TREASURIES-Prices gain, break two-day bond selloff
* Prices gain as investors try to find new yield range
* Fed to buy $1.25 bln to $1.75 bln in bonds due 2036-2043
* Treasury to sell $99 bln new coupon-bearing debt next week
NEW YORK, June 21 (Reuters) - U.S. Treasuries prices rose on Friday, breaking a dramatic two-day selloff that sent benchmark 10-year yields to their highest levels in almost two years, as investors evaluated when the Federal Reserve is likely to begin to pare back its bond purchase program. U.S. government bonds have been hurt alongside most assets since Fed Chairman Ben Bernanke said on Wednesday that the economy is on track for further improvement, and that the U.S. central bank is likely to reduce purchases as a result. The Fed has been expanding its balance sheet with trillions of dollars of bond purchases since 2009 to drive down rates, encourage borrowing and help stimulate the economy and the labor market. Investors are now grappling with what effect it will have on markets when the Fed pulls back that stimulus. "It's all one big unwind. That's been a negative for Treasuries as hedges are unwound," said Sean Murphy, a Treasuries trader at Societe Generale in New York.
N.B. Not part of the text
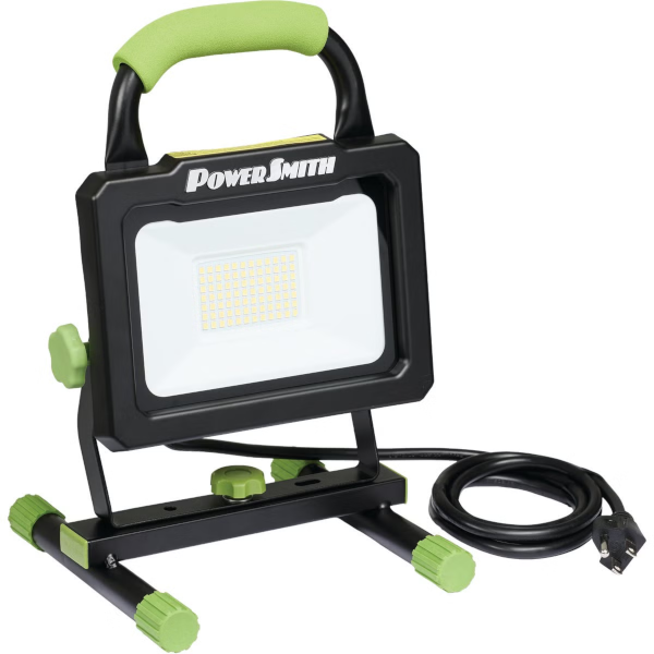 LED work light from PowerSmith provides brilliant lighting for you next project. Perfect for shedding light on your next flooring, paint, drywall, or remodeling project. Light up your garage, attic, or crawlspace. Extend the day on your backyard sports and hobbies. PowerSmith leads the way with the most lumens for your dollar on the market. A sealed power switch is perfect for indoor or outdoor use. A 5-foot power cord makes setup a breeze. Features all metal construction and impact resistant glass Lens to withstand the most demanding conditions.

Benchmark 10-year notes were last up 3/32 in price to yield 2.41 percent, down from 2.42 percent on Thursday. The yields are up from around 2.21 percent before the Fed announcement on Wednesday and have increased from around 1.60 percent at the beginning of May. The notes may find technical support at around 2.40 percent in the near term, as there is still a lot of uncertainty over when the Fed will begin to reduce bond purchases, said Murphy. Almost all economists at primary dealers expect that the Fed will start will start pulling back on buying bonds by the end of this year, with many expecting it will begin in September.
Thirty-year bonds rose 15/32 in price to yield 3.49 percent, down from 3.52 percent on Thursday. The yields are up from 3.33 percent before the Fed statement on Wednesday, and from around 2.80 percent at the beginning of May. The Fed will purchase between $1.25 billion and $1.75 billion in bonds due 2036 and 2043 on Friday as part of its ongoing purchase program. Volatility measures have also continued to climb, hitting new 13-month highs on Thursday. The Merrill Lynch MOVE index , which estimates future volatility of long-term bond yields, increased to 96, up from 86.9 on Wednesday. It is up from a multi-year low of around 50 at the beginning of May. Some analysts and investors have expressed concern that the longer the Fed continues its purchases the greater the risk of market disruptions when it pulls out, potentially adding to the already volatile market moves. Meanwhile demand for U.S. bonds may be tested next week when the Treasury will sell $99 billion in new coupon-bearing supply, including $35 billion in two-year notes on Tuesday, $35 billion in five-year notes on Wednesday and $29 billion in seven-year notes on Thursday.